§ **GIVEN DATA**:
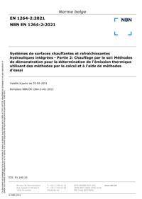NBN EN 1264-2 : Systèmes de surfaces chauffantes et rafraîchissantes hydrauliques intégrées - Partie 2: Chauffage par le sol: Méthodes de démonstration pour la détermination de l'émission thermique utilisant des méthodes par le calcul et à l'aide de méthodes d'essai.
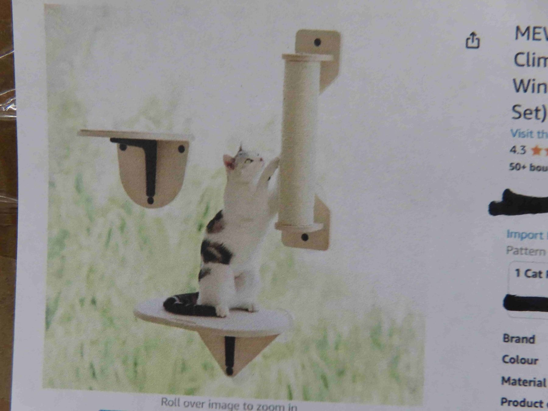 MEWOOFUN window perch hammock with vlimbing steps and scratching post- wooden window mounted cat bed ( 3 pcs cat climber set) New or Store Return
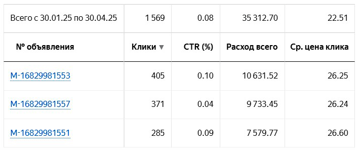 Теперь забегу вперёд и сразу покажу информацию по объявлениям за весь период, которые показали практически одинаковый результат:

§ **TASK PROMPT**: All that is needed is the exact run of lines from the start of the material above through the one containing "MEWOOFUN window perch", pictures left out.

§ **TASK RESULT**:
NBN EN 1264-2 : Systèmes de surfaces chauffantes et rafraîchissantes hydrauliques intégrées - Partie 2: Chauffage par le sol: Méthodes de démonstration pour la détermination de l'émission thermique utilisant des méthodes par le calcul et à l'aide de méthodes d'essai.
 MEWOOFUN window perch hammock with vlimbing steps and scratching post- wooden window mounted cat bed ( 3 pcs cat climber set) New or Store Return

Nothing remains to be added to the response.